Since its inception just over a year ago, Discovery Park Ventures’ (DPV) management has listened to over 50 pitches from early-stage life sciences companies, many of them recently spun-out from universities, all of whom have big hopes for their fledgling businesses. Of that number, Discovery has backed seven, with one more deal going through completion. This funding has generally gone to companies working in strategic areas of particular interest to DPV— such as neuroscience, advanced therapies, and artificial intelligence—and finding out the target areas of different funds is one of the most basic pieces of research that start-ups can undertake in order to give their applications more chance of success.

Significantly, in a climate where women are woefully excluded from venture capital finance, six of the companies that DPV has so far funded have female founders and/or CEOs. This includes Vitarka Therapeutics, which is creating combination medicine using RNAi therapies for patients with late-stage cancers and, most recently, BoobyBiome, founded by scientists Dr Lydia Mapstone, Dr Sioned Jones and Tara O’Driscoll, to develop a novel product for babies who do not have access to the beneficial microbiome in breast milk.

The first round of funding may not quite be a lottery win, but the sums involved— at DPV, that’s usually around £100,000 (approximately $127,000 USD)— are enough to help companies to achieve proof of concept. This allows them to concentrate for a while on gathering the data they need to take their ideas forward without becoming sidetracked by the demands of generating additional early funding. Typically, there may be just two people in the business at this stage, so relegating one to just chasing down finance can severely inhibit progress.

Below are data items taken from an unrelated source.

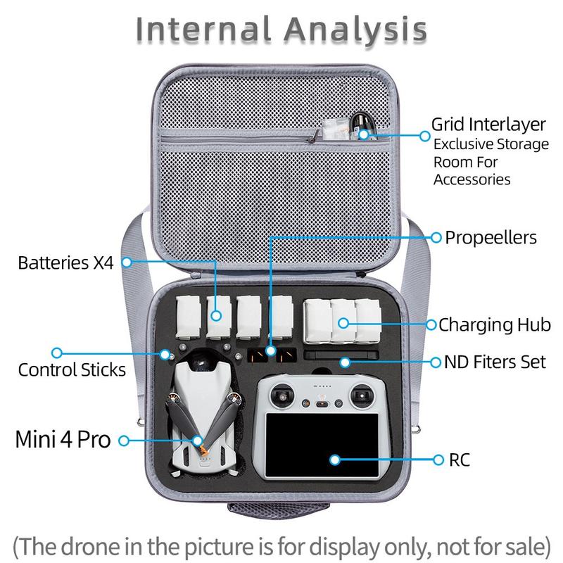 - Tilpasset design: Kufferten er skræddersyet specielt til DJI Mini 4 Pro og har præcise rum til sikker opbevaring af drone, fjernbetjening med skærm, tre batterier, opladningshub, oplader og andet mindre tilbehør.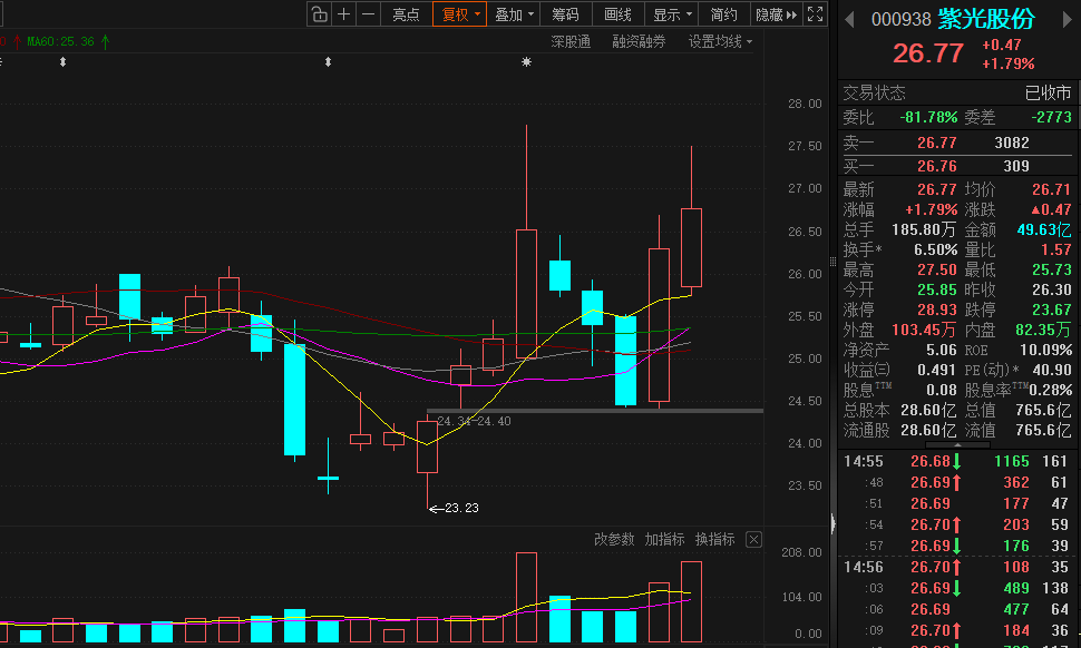 纯正算力龙头。算力网络设备、高速光模块、液冷系统这些全是当下AI基建最缺的货。现在国内智算中心到处开工,高端算力设备、高速光模块需求爆棚,行业红利肉眼可见,公司作为头部玩家,订单和业绩都有保障。站在风口上,而且手里有真家伙。今天要是低开5日线附近可以找机会分仓低吸。再者就是昨天的收盘价26.77,这个位置稳住也是不错的分批上车点!不到位置就别动!!!喜欢一撮而就的战友还是先观战,别瞎搞。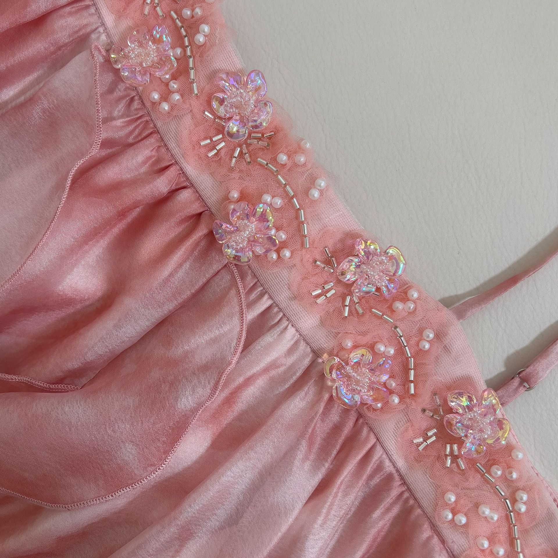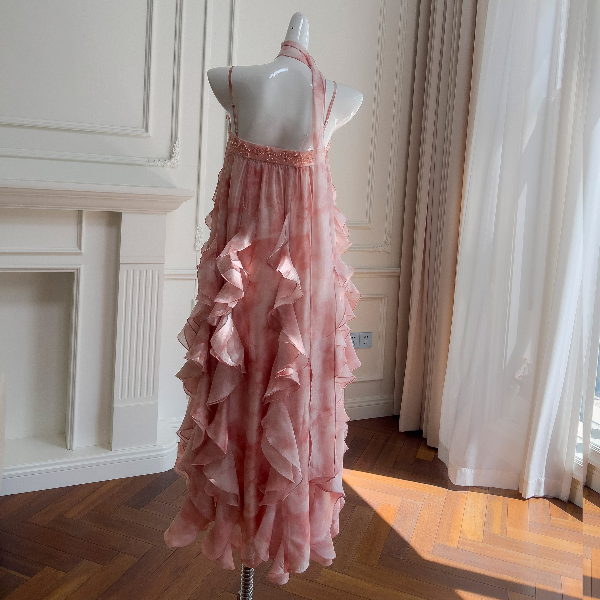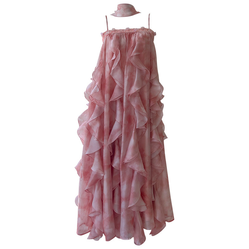 Rich heiress pink camisole dress for women summer vacation style fairy ruffled elegant princess dress 69118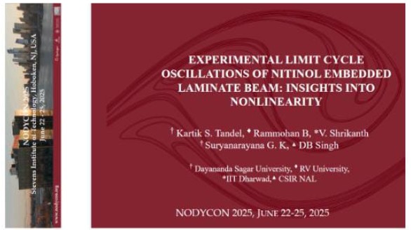 A collaborative research paper authored by Prof. Kartik S. Tandel (AE–DSU), Prof. Ramamohan Bhanumurthy (RVU), Prof. D. B. Shrikanth (IIT Dharwad), Prof. G. K. Suryanarayana (AE–DSU), and Dr. D. B. Singh (CSIR-NAL) was presented at the 4th International Nonlinear Dynamics Conference (2025) in New Jersey, USA, from June 22–25.

Meanwhile, the task of scrutinising so many applications and listening to pitches has provided DPV with an important level of insight into what these young companies need to do in order to be considered seriously by funders. Those that have made the grade are the ones that have demonstrated that they have thought about every aspect of their product and not become over-enthused by the joy of discovery. Of course, the science must be strong, the hypothesis exciting, and the product with the potential to scale, but that in of itself is not enough. Investors don’t just look at the science, they want to know that the people whom they are backing have the skills to deliver what they promise, and for prospective start-ups that means demonstrating that their business ethic is as strong as their laboratory know-how.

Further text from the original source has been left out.